Benefit 2: Avoiding the avoidable
More importantly, the context file prevents the silent errors. It encodes which datasets answer which questions (and which don't), flags dead-end analyses before you spend a day rediscovering them, and documents the methodology choices that produce systematically different answers. This is the real trust layer. And it comes with a practice that should be standard regardless of AI involvement, but becomes critical at AI scale: be explicit about definitions in your data and assumptions made when sharing any analysis, AI-generated or otherwise. The sheer volume of output that AI enables makes it harder to keep track of what you're actually looking at. Documenting assumptions isn't just good hygiene; it's how you maintain the chain of trust from data to decision.

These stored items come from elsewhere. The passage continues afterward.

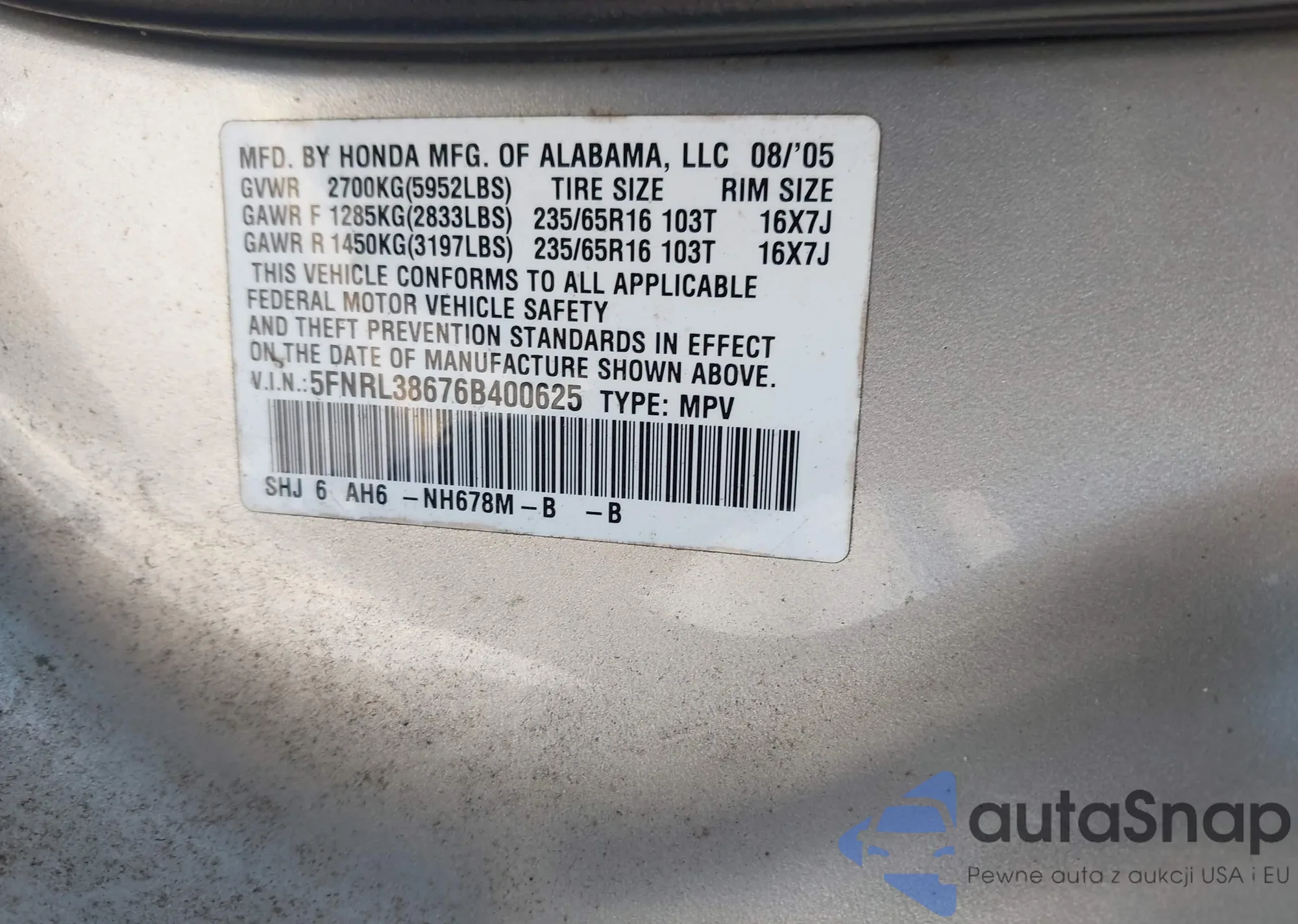 VIN: 5FNRL38676B400625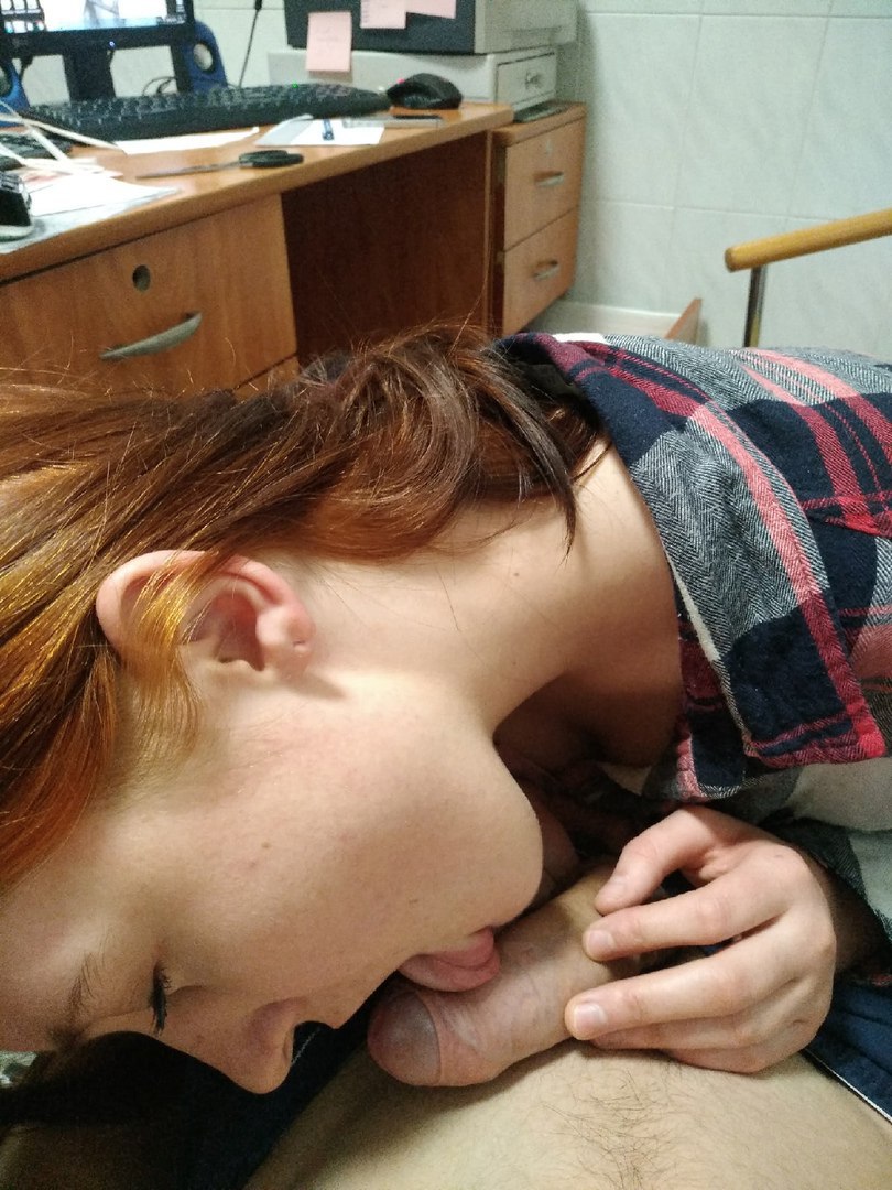 Рыжая сумело чудо на работе совершить.Хоботок поднять.
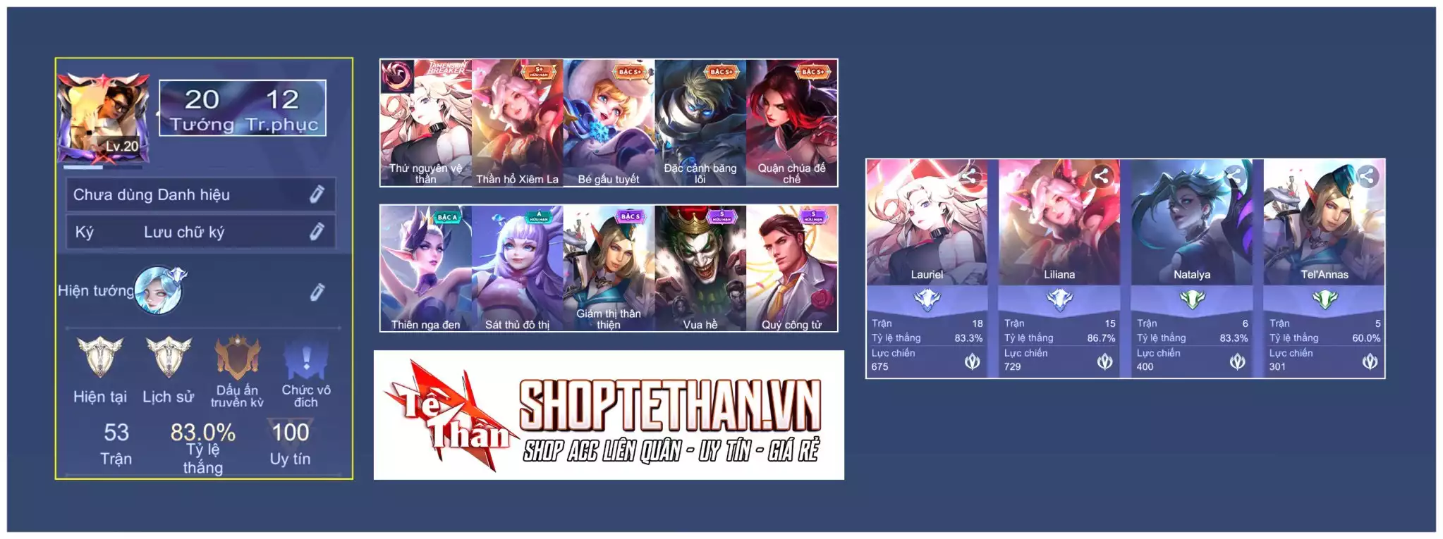 - Các acc trên shop có thông tin khác nhau, anh em khách hàng ấn vào xem acc và kéo xuống bên dưới ảnh có ghi thông tin chính xác của acc đó nha.

Judgment separates insight from slop
In a world of instant analysis, everyone can spin up a dashboard that looks insightful within minutes. The data is visualized, the trends are annotated, and the summary reads with authority. But knowing how to produce something that is actually accurate, something that survives scrutiny when a stakeholder asks "how did you get this number?", that's where human judgment comes in. It's the difference between output and insight.
Anthropic's 4D AI Fluency framework captures this well, particularly two of its competencies: Discernment, the ability to accurately assess whether AI output is trustworthy, and Diligence, owning the work even when AI helped produce it. These aren't abstract skills to put on a resume. They're the exact skills that caught the errors in my analysis. Someone had to notice the numbers didn't add up, investigate why, and encode that knowledge so it wouldn't happen again. That process isn't automatable (yet), and it remains a genuine career differentiator.
Going full circle
When I joined Cisco about nine years ago, I was hired specifically for my expertise in business analysis, running big-data analysis against thousands of device configuration files to identify which features needed to be prioritized for next-generation firewalls. That work was done in close collaboration with the customer success organization, writing and refining Python scripts to extract signal from massive datasets. Much of that kind of work is now automated, or well on its way. But the expertise that made it valuable, understanding the data well enough to know when the output is wrong, knowing which questions are worth asking, and having the judgment to steer analysis toward decisions that actually matter, that's exactly what this article is about. The tools change. The need for human judgment compounds.
If you're working with AI on data-intensive tasks:
a) Don't shy away from getting familiar with the raw data first. Get really familiar with each individual input file you're asking the AI to analyze.
b) Start building your context files now. Every correction you make today is an investment in faster, more trustworthy work tomorrow, for you and your entire team.